Author of Philadelphia-area book on Moderna’s COVID vaccine

The technology behind the first two COVID vaccines – genetic instructions in the form of messenger RNA – is now taken for granted, with billions of people having received the shots.

But years of struggle and uncertainty preceded that success, most long before the pandemic hit. Wall Street Journal reporter and Glenside resident Peter Loftus goes behind the scenes of his new book, The Messenger: Moderna, the vaccine and the business gamble that changed the world.

Among the opening scenes in the book, from Harvard Business Review Press: A chance meeting at a photocopier between University of Pennsylvania scientists Katalin Karikó and Drew Weissman, in the late 1990s. The pair joined forces to demonstrate the promise of mRNA after most scientists had given it up, publishing the first of several pivotal studies in 2005. Moderna was founded five years later in Cambridge, Massachusetts, developing mRNA both for use in vaccines and to treat cancer, although initially with mixed results.

Loftus, who has covered the pharmaceutical industry for The Wall Street Journal since 2013, spoke to The Inquirer in a conversation lightly edited for length and clarity.

Now that vaccines have been so successful, how could mRNA be useful in making other drugs?

I think that’s the million dollar question, or I guess at this point, a multi-billion dollar question. What they were able to show with the mRNA vaccine and COVID helps establish that this could be a useful technology for future epidemics, to be able to respond quickly as it happened in 2020, especially against respiratory viruses. They are also working on vaccines for other viruses, including HIV, which is notoriously difficult to find a vaccine against. The other big bucket of potential uses for mRNA is in treatments for people already diagnosed with a disease, rather than as a preventative vaccine. There’s a lot of hope that it might work for something like cancer or a rare disease. I really think it’s too early to say for sure if this will work.

When vaccine trials began to show promise, there was debate about how much credit to give to Operation Warp Speed ​​(the Trump administration’s effort to spur development of COVID vaccines and treatments) . Where are you on this question?

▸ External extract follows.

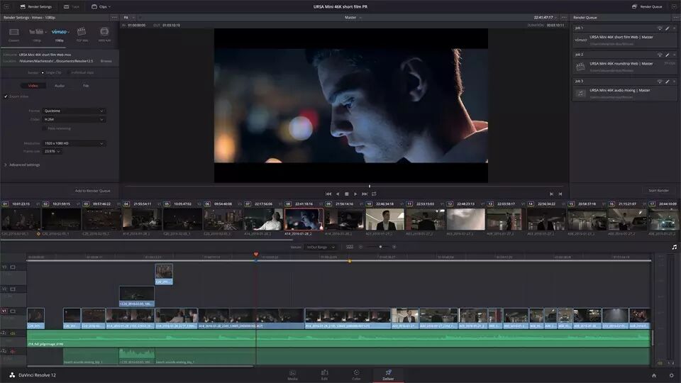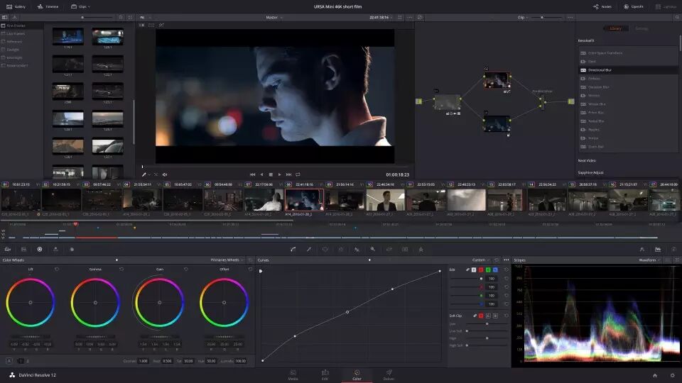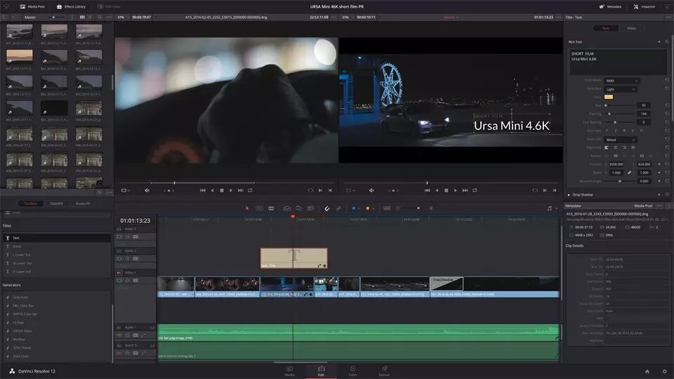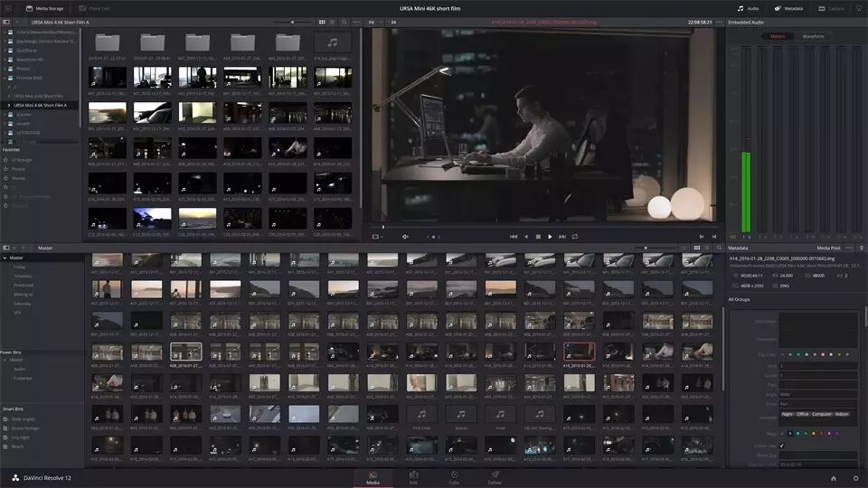 这款摄影机附赠DaVinci Resolve Studio软件,为用户提供了一个完整的后期制作解决方案。这款强大的软件将专业的非线性视频剪辑功能和业界首屈一指的调色工具结合起来,一个系统就能处理URSA Mini Pro素材的剪辑、调色、精编和交付在内的全套流程。DaVinci Resolve Studio能直接处理来自这款摄影机的RAW和ProRes文件,用户无需文件转换就能开始后期制作。因为它采用真正无损处理流程,所有信息都能被完整保留下来。使用DaVinci Resolve Studio是处理URSA Mini Pro素材最快和最高质量的方式。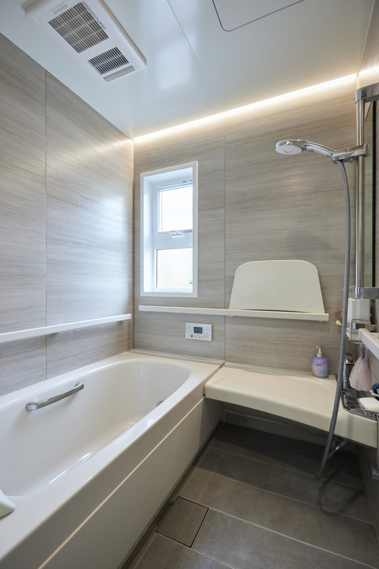 手すりを追加し、落ち着いた壁面と合わせて安心感と使いやすさを高めたバスルーム。

Moderna has benefited from extensive involvement with the federal government. They were already working with the National Institutes of Health even before the pandemic, and then very early in the pandemic, they started with the NIH to design the vaccine and plan to test it. In May 2020, when Operation Warp Speed ​​was officially created, I think it took it to a new level. Pfizer, which was also developing an mRNA vaccine, along with BioNTech, because it was so much bigger, actually chose to minimize its involvement in Operation Warp Speed, even though it was essentially part of it.

The underlying science dates back long before that, with some of Penn’s earliest discoveries. What does this tell you about the pace of drug development?

These things that end up being breakthroughs, whether it’s a vaccine or a drug, that can seem to suddenly appear on people’s radar, might have this long history that really took a while to pass basic lab work in the lab of some university scientists. the road to get to a pharmaceutical company. Sometimes it takes a person to walk into an area of ​​research and see it in a different way.

You describe internal tensions at Moderna about whether to move forward with the COVID vaccine, in part because the company’s earlier Zika virus vaccine didn’t work well. What have you learned?

Most people would have assumed that the company was enthusiastic from the start. But there was a debate period of several weeks. Before jumping into human testing, some people at the company asked, “Is this the right thing to do?” In February 2020, it wasn’t really clear that the coronavirus was going to spread as widely as it did. Some people have said, “If we throw everything we have on COVID, it’s going to take resources away from other projects.”

Some have criticized how Moderna executives reaped financial rewards for a vaccine that has received so much federal support, like the recently approved $926 million “golden parachute” for CEO Stephane Bancel. Do you think these reviews are fair?

Really almost from the start, there were criticisms of the financial enrichment of Moderna as a company and its leaders. And they got that government funding, in the form of outright research and development support of well over a billion dollars, and the supply contracts are worth several billion more. I touch the critics, but also the people who defend the system that allows Moderna to profit so much. It spent a decade growing and putting all that effort into R&D, including spending its investors’ money with no product revenue for a decade. Advocates say it’s an example of rewarding innovation and investment. I’d rather just present those views, and readers can decide for themselves.

What prompted you to do a book on Moderna rather than Pfizer and BioNTech, the two companies that made the other mRNA vaccine?

I thought it would be an interesting way to tell some stories. One was the story of the pandemic through the eyes of this company that most people had never heard of before, and all the drama and suspense along the way. I also saw a different story, that a lot of innovation in medicine and in the pharmaceutical industry comes from these small, young companies that are really doing a lot of cutting-edge research.